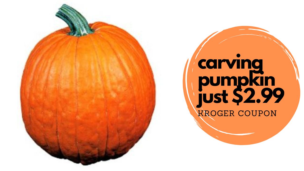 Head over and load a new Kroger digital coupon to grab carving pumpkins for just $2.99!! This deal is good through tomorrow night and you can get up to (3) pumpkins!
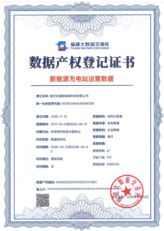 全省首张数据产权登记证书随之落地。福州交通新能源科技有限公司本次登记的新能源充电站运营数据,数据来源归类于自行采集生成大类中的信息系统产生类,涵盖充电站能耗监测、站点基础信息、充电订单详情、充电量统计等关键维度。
◆ ◆ ◆ ◆ ◆
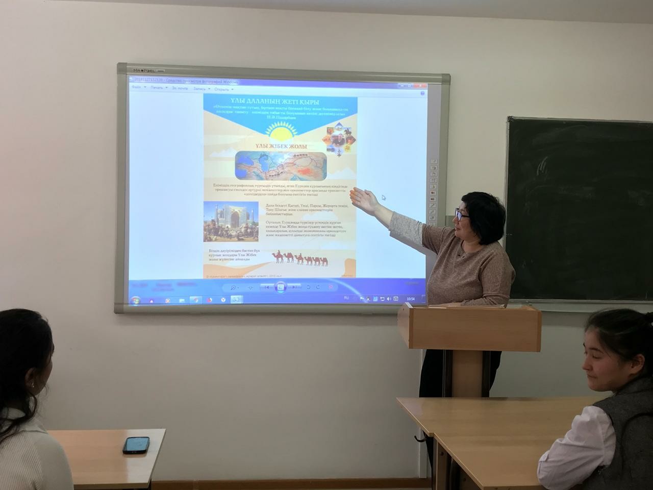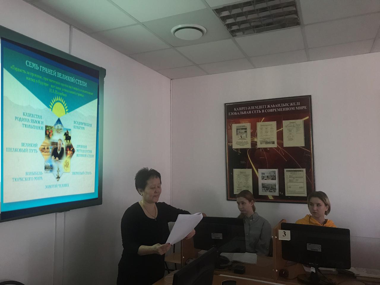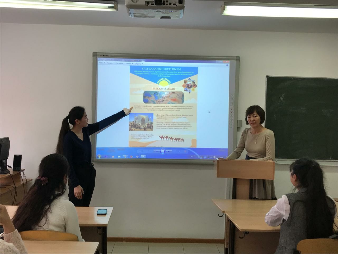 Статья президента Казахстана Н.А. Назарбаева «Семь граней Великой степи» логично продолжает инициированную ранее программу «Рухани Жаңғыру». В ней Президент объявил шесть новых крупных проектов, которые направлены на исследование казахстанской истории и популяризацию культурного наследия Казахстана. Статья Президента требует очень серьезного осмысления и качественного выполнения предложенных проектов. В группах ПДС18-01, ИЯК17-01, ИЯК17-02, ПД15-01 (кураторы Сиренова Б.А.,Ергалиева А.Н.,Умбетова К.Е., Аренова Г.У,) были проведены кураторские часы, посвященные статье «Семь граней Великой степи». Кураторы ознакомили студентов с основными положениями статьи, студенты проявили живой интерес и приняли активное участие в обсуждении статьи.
◆ ◆ ◆ ◆ ◆
ACTIVITY: Go to the line above holding "Head over and", then copy exactly each line down to and including the one holding "全省首张数据产权登记证书随之", leaving pictures out.

FINISHED EXERCISE:
 Head over and load a new Kroger digital coupon to grab carving pumpkins for just $2.99!! This deal is good through tomorrow night and you can get up to (3) pumpkins!
 全省首张数据产权登记证书随之落地。福州交通新能源科技有限公司本次登记的新能源充电站运营数据,数据来源归类于自行采集生成大类中的信息系统产生类,涵盖充电站能耗监测、站点基础信息、充电订单详情、充电量统计等关键维度。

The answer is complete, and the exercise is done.